AI skill for generating validated Moodle CodeRunner programming questions
Generate auto-graded programming questions using the minimal pipeline (AI writes code, Jobe computes expected output) for Moodle's CodeRunner plugin. Every question is compiled and tested on a Jobe server before delivery. Supports Java, Python, C, C++, and Node.js across 10 question types.
Battle-tested: 1000+ questions generated and validated with a 100% pass rate.
# Claude Code CLI
mkdir -p ~/.claude/skills
git clone https://github.com/danielcregg/moodle-coderunner.git ~/.claude/skills/moodle-coderunner
# Use it
/moodle-coderunner
Generate 5 Java CodeRunner questions on arrays for first-year studentsFor Claude Desktop: Settings > Skills > Upload SKILL.md.
Generates complete, import-ready Moodle XML with:
| Component | Purpose |
|---|---|
| Question text | Clear instructions with examples and penalty regime |
| Answer preload | Compilable skeleton code for students |
| Model solution | Complete correct answer (hidden) |
| Visible test(s) | Students see expected input/output |
| Hidden test(s) | Prevents hard-coding, tests edge cases |
| General feedback | Explanation shown after quiz closes |
| Jobe validation | Every question compiled and tested before delivery |
Previous versions generated questions but couldn't verify they actually worked. v4.0 introduces:
- Jobe server validation — every question is compiled and executed against test cases before delivery
- 23 battle-tested rules — derived from analysing 370+ questions across 7 AI models
- Self-healing loop — if validation fails, the AI fixes the question and retries
- 10 question types — function, class, method, and program types for all languages
- Advanced features — partial credit, precheck, give-up, conditional display, time/memory limits
We tested the same 12 questions across 7 models. The skill rules are the difference:
| Model | Size | Pass Rate |
|---|---|---|
| Claude (with skill) | Cloud | 100% |
| GPT-5.4 (with rules) | Cloud | 100% |
| z.ai GLM-5.1 | Cloud | 17% |
| Gemma 4 E4B | 4B | 16% |
| Gemma 4 26B | 26B MoE | 0% |
| DeepSeek Coder V2 | 16B MoE | 0% |
| Qwen 3 8B | 8B | 0% |
Open-source models (7-26B) cannot reliably generate CodeRunner XML even with templates. The rules are necessary but only effective with frontier models.

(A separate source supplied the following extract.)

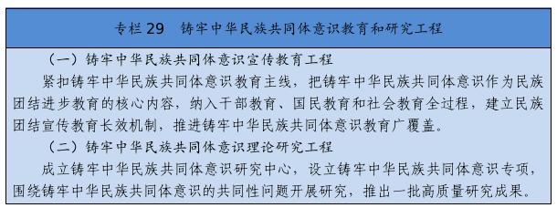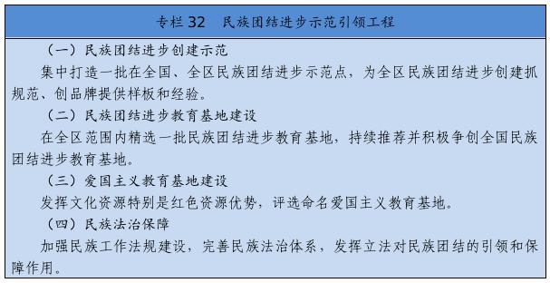 在全社會(huì)樹(shù)立和突出各民族共享的具有鮮明中華文化特征的文化符號(hào)和中華民族視覺(jué)形象,打造中國(guó)標(biāo)志。堅(jiān)定不移推廣普及國(guó)家通用語(yǔ)言文字,全面加強(qiáng)國(guó)家通用語(yǔ)言文字教育教學(xué),積極穩(wěn)妥推行國(guó)家統(tǒng)編教材使用,深化雙語(yǔ)教學(xué)模式改革,確保少數(shù)民族學(xué)生掌握和使用國(guó)家通用語(yǔ)言文字。尊重、支持各少數(shù)民族語(yǔ)言文字的學(xué)習(xí)和使用。堅(jiān)持以社會(huì)主義先進(jìn)文化為引領(lǐng),促進(jìn)各民族文化交融、創(chuàng)新。提倡文明現(xiàn)代的生活方式,引導(dǎo)和幫助各族群眾追求現(xiàn)代文明生活,推進(jìn)民族進(jìn)步。強(qiáng)化全體公民日常行為規(guī)范,完善市民公約、鄉(xiāng)規(guī)民約、學(xué)生守則、行業(yè)規(guī)章、職業(yè)規(guī)則、團(tuán)體章程,營(yíng)造自覺(jué)遵法守法、尊重少數(shù)民族風(fēng)俗習(xí)慣和宗教信仰、維護(hù)民族團(tuán)結(jié)的社會(huì)氛圍。著力開(kāi)展興邊富民行動(dòng),打牢守邊固邊的民族團(tuán)結(jié)基礎(chǔ)。

| Language | Types | Reliability |
|---|---|---|
| Java | java_class, java_method, java_program |
HIGH / HIGH / LOW |
| Python | python3, python3_w_input |
HIGH / MEDIUM |
| C | c_function, c_program |
HIGH / MEDIUM |
| C++ | cpp_function, cpp_program |
MEDIUM / MEDIUM |
| Node.js | nodejs |
HIGH |
Reliability reflects first-attempt pass rates. LOW types (java_program) have known EOF pitfalls but the skill's rules handle them.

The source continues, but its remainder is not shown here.